Tapi toh aku tetap harus pergi ke petshop untuk membeli makanan kucing-kucing kesayanganku. Maksudku, sebenarnya, kucing-kucing kesayangan istriku. Aku toh menyukai mereka hanya untuk menyenangkan hati Nina. Dia penyayang kucing dan aku sempat menentangnya di awal pernikahan kami. Tapi sekarang aku mengalir saja mengenai kucing. Aku bosan bertengkar tentang kucing. Lagipula kadang kucing menyenangkan, terutama yang masih anak-anak.

"Bagaimana kabar si empus, Pak? " tanya pelayan petshop dengan ramah. Aku menyukai keramahan itu walaupun aku paham sepenuhnya bahwa keramahan itu semata-mata demi kelangsungan bisnis petshop itu sendiri. Tapi, apa pun masih lebih baik.

"Mereka baik," ujarku. Hampir saja kukatakan bahwa si Tobi yang buntutnya mirip buntut kelinci itu sedang kuyu. Tapi aku tak ingin memperpanjang keramahan yang tak otentik itu. Jadi, biarlah mereka tak tahu menahu tentang Tobi.

"Semuanya empat puluh delapan ribu, Pak, " kata pelayan. Lalu kesibukan membayar, menerima belanjaan dan kembalian berlangsung hingga seorang perempuan masuk dengan seekor kucing di gendongannya.

"Prim!" secara reflek aku memanggil kucing yang digendong perempuan itu. Perempuan itu seketika memandangiku dengan kening berkerut. Mungkin ia sudah menyimpulkan bahwa aku sok kenal.

"Miauw! " kucing itu bereaksi melihatku. Itu memang Prim. Dia mengenaliku.

"Anda kenal kucing ini? Saya memungutnya dari pasar barusan. Tak tega saya melihatnya kebingungan dan hampir setiap kaki yang didekatinya memberinya sambutan berupa tendangan. Saya tak habis pikir seseorang yang tega membiarkan makhluk lucu yang malang ini di pasar."
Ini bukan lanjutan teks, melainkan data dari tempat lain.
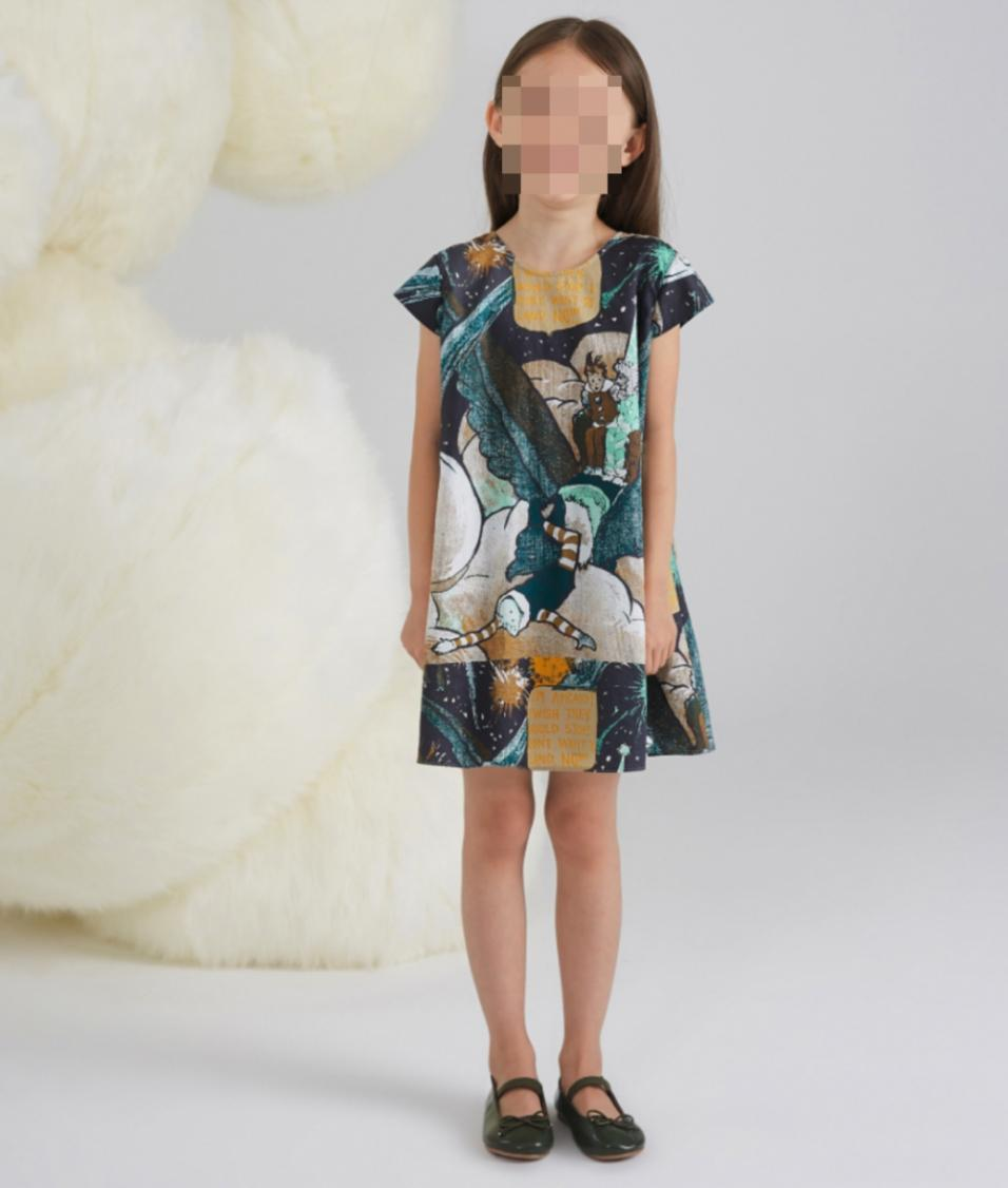 而在某款女裙上一个孩子跌倒在前面,四肢扭曲后面两个孩子观望衣服上还有一段英文,大意为:“我很害怕,我希望他们停下来,我不想这样掉下去!”

"Tidak," sahutku tanpa melihat Prim lagi yang tampak berbinar melihatku, "Ia mirip dengan kucing saya yang sudah mati. Namanya Prim."

"Prim?" tanya perempuan itu. Aku mengangguk,  dan seketika kucing itu meronta dari gendongannya, melompat ke bawah dan menghambur ke kakiku. Ia lalu mengendus ibu jari kakiku dan berguling-guling manja.

"Tapi, ia seperti terbiasa dengan anda?" kata perempuan itu.

"Mungkin ia mencium aroma kucing, karena di rumah saya ada beberapa kucing," aku berbohong. Perempuan manggut-manggut.. Kurasa dia percaya. Apalagi ketika pelayan petshop ikut-ikutan dan mendukung alasan aku.

"Siapa tadi, nama kucing anda yang sudah mati itu?" tanya perempuan itu.

"Prim."

"Oh, ya. Prim. Apa saya boleh memakai nama itu untuk dia?"

Tentu saja, kan kucing itu memang Prim.

"Silakan saja."

Perempuan itu kemudian membopong kembali Prim yang sepertinya masih ingin bergulat dengan kakiku. Ia kemudian menyusuri rak-rak untuk memilih makanan kucing. Aku ingin sekali mengatakan bahwa Prim paling senang dengan pakan kering berbentuk ikan. Tapi tak mungkin aku mengatakannya. Itu sama saja dengan mengakui bahwa, akulah yang telah meninggalkan Prim di pasar tempo hari. Prim, dan kesebelas yang lain!

Ah, ya, begitulah. Mungkin terdengar kejam. Aku segera memperbaiki sikapku karena Prim berusaha mencariku meskipun ia dalam gendongan majikan barunya, dan di saat bersamaan rasa bersalahku membuncah kembali.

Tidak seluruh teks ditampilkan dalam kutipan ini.